The menu at my neighborhood Chinese takeout states that General Tso was famous in the Szechwan army, and that the dish was devised by his private chef. It also says that the recipe consists of “chunks of chicken lightly fried with hot spicy sauce.” There was no mention of it being sweet, which is what it mainly was.

When I was handed my order of chicken I asked the cook if he knew who General Tso was. He looked surprised, and even a little confused; probably no one had ever asked him this. “A famous Chinese General,” he finally said with a grin. “Thanks,” I said, and as I walked out the door I tried to picture myself working at an American restaurant in China and someone asking me who General Custer was. I would without doubt have a similar and somewhat bewildered reply: “a famous American General.”

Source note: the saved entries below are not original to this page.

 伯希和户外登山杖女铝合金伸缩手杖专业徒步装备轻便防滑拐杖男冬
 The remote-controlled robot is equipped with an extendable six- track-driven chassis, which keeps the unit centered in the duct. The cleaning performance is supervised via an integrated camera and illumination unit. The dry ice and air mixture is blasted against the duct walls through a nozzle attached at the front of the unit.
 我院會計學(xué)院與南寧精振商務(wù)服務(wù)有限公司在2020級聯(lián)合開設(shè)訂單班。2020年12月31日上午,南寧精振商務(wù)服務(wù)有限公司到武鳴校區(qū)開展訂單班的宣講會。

That evening after my son, Isaac, and I consumed our fried and super sweet chicken I scoured my cookbook collection in search of recipes. None, nada, zip. I had a feeling that it was invented in New York and was surprised that even Craig Claiborne’s tome, The Chinese Cookbook, offered nary a recipe for General Tso’s chicken. I’ve made the habit, lately, to search books prior to the internet mostly because of the sometimes questionable accuracy of the information. But that’s where I did find the information I sought, reinforced by an interesting article archived on the New York Times site. At any rate, my gut feelings (pun intended) were correct twofold: General Tso’s chicken was first cooked in New York, and originally was considerably less sweet.

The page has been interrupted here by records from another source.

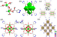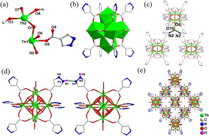 | Fig. 1. (a) Asymmetric unit of compound 1. (b) The structure of Th6(µ3-O)4(µ3-OH)4(H2O)6(HPyC)8(HCOO)4 cluster. (c, d) Hydrogen bond interactions forces between adjacent Th6 clusters. (e) 3D porous structure of compound 1 formed by hydrogen bonding. Color scheme: Th, green; Cu, cyan; C, gray; O, red; N, blue; H, pink. Most H atoms were omitted for clarity. | |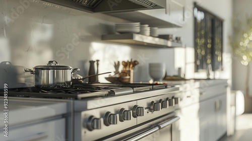 Create a clean and modern kitchen scene with a high-end stove equipped with a double oven, with a chef preparing a multi-course meal.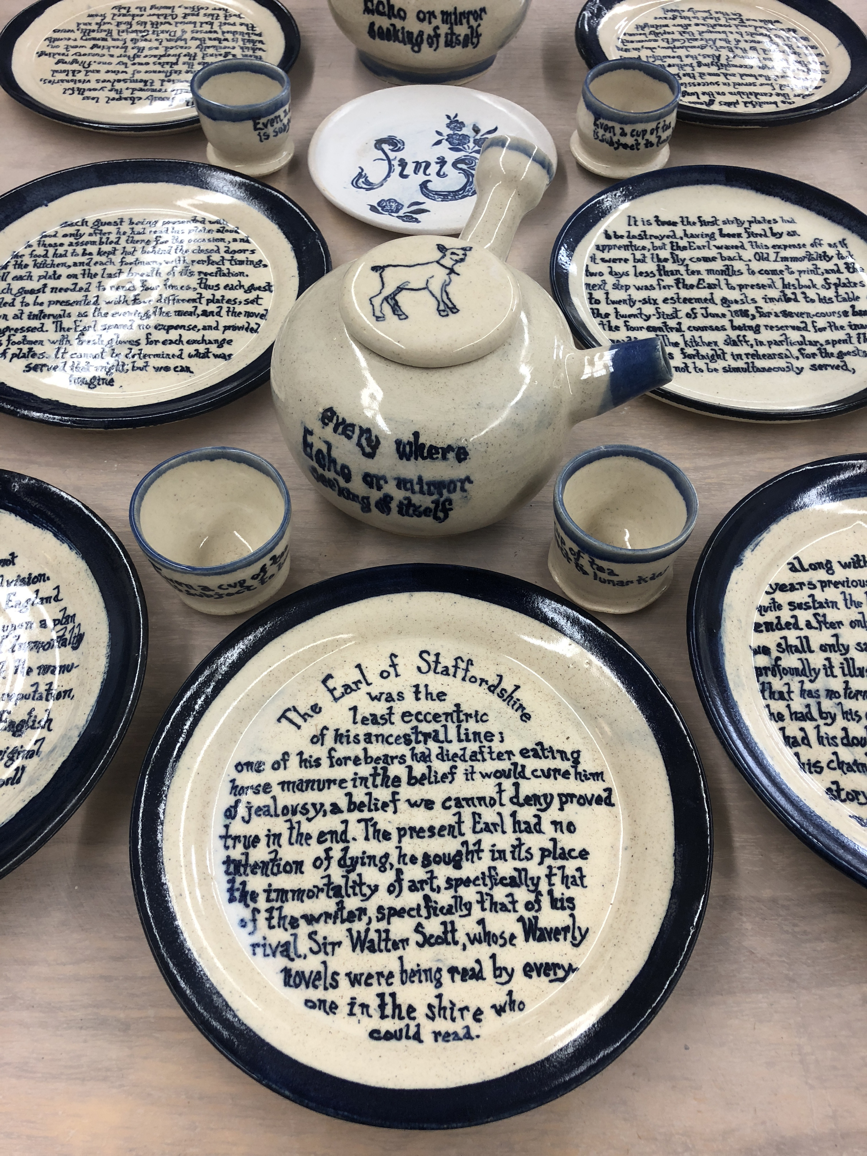 This past fall, I needed to learn how to make plates. Specifically, plates similar in form and decoration to those from Staffordshire, England, in the early 1800s. The reason for that was a story, “Old Immortality,” by the poet Mary Ruefle in her collection of short prose pieces, Private Property. The gist of the story concerns an imaginary nineteenth-century Earl of Staffordshire who writes a relatively boring novel and, rather than self-publishing it the typical way, instead, has it hand-written on a set of plates he then used for dinner parties. Ruefle was coming to UMass in December for a reading. I thought it would be fun to host a dinner for her on plates featuring “Old Immortality,” which we’d read aloud just like that fictional Earl had his dinner guests do with his novel before the eating began.

General Tso (Zuo Zontang 1812 - 1885) was a real general, but it’s doubtful he or his personal chef had anything to do with the creation of this dish. The recipe was reputedly first concocted by Chef Peng Chang-kuei, who apprenticed under Cao Jingchen, one of the most celebrated Chinese chefs of the earlier part of the twentieth century. Born in 1919, Chef Peng immigrated to the US in 1973, and opened a restaurant on 44th street where General Tso’s chicken is said to have been born. It was a popular dish but became even more popular when he Americanized it by adding more sugar and less chilies. The rest, as they say, is history. Having made his fortune, Chef Peng returned to Taipei in the late 1980’s, where there is still a Peng’s restaurant operated by his family.

After we ate our dinner that night Isaac opened his fortune cookie (another American invention), and while he chomped away he read it, and then said, “That’s weird.” “What’s weird,” I asked? “The only thing the fortune says is it tastes sweet.” I looked at it myself, and sure enough, bordered by two smiley faces, that’s really all it said: it tastes sweet.

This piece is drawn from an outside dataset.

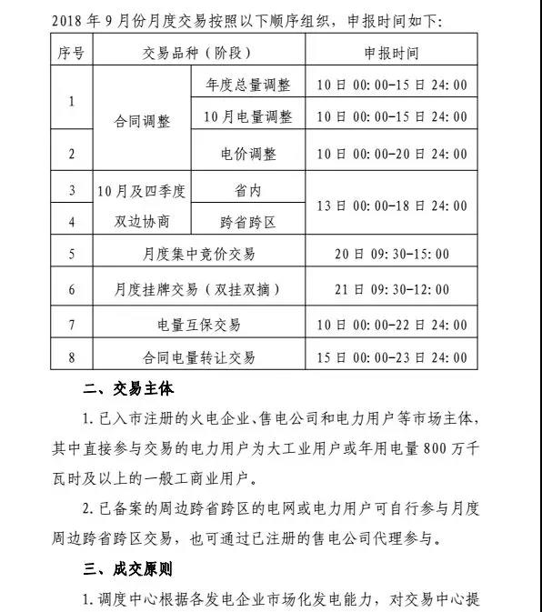 關(guān)于 2018 年9月開展市場(chǎng)化交易時(shí)間安排的通知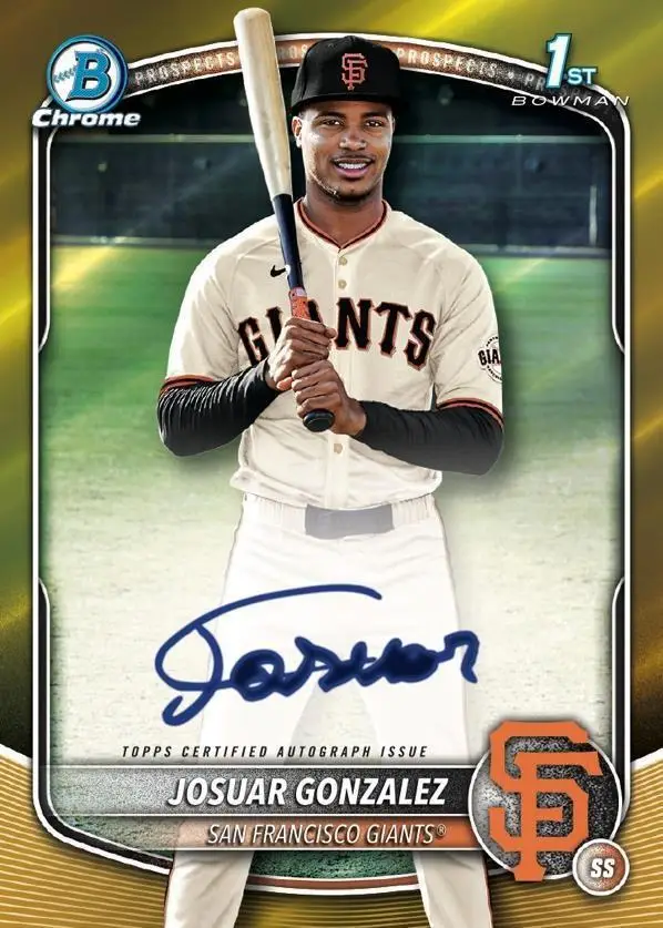 2025 Bowman Chrome kicks off with an electrifying lineup of top-tier prospects! Build the entire 100-card Base Set of top rookies and veterans and 100-card Chrome Prospect set! Find 2 Chrome Autograph cards per Hobby Box!

Learning the origin and history of this dish made me want to make it myself. After some trial and error I’ve adapted a recipe from a few different recipes that I’ve come across. It’s far less sweet, and a little spicier. I don’t know how authentic it is to Chef Peng’s original, but I can only hope that the General would approve.

General Tso’s Chicken
Yield: 3-4 servings

For the chicken:
1 pound boneless chicken thighs, cut into pieces
2 tablespoons soy sauce
1 egg
2 tablespoons cornstarch
1 tablespoon flour

For the sauce:
1/4 cup soy sauce
1/4 cup sherry
1/2 cup chicken broth
2 tablespoons white wine vinegar
2 tablespoons sugar
1-2 tablespoons cornstarch

Additional Ingredients
6 small dried red chilies
1 tablespoon minced ginger
2 teaspoons minced garlic
3 green onions, sliced
peanut oil for deep frying

Combine all of the chicken ingredients together in a bowl, mix to evenly coat, and set aside. Mix all of the sauce ingredients together in a separate bowl and set aside. Heat a couple inches of peanut oil in a wok or skillet until 350F. Stir the chicken again, then carefully deep fry it piece-by-piece and remove to a plate lined with paper towel. Cut a piece of the chicken to make sure it’s thoroughly cooked. Carefully transfer the oil to a tin can or other pot to cool, reserving a few tablespoons in the wok or skillet. Over medium-high heat stir-fry the chilies for a minute, then add the ginger and garlic. Stir the sauce ingredients again, then carefully add it to the hot pan. Bring to a boil and simmer for 1 minute. Add the cooked chicken and green onion. Toss to coat. Serve with steamed rice.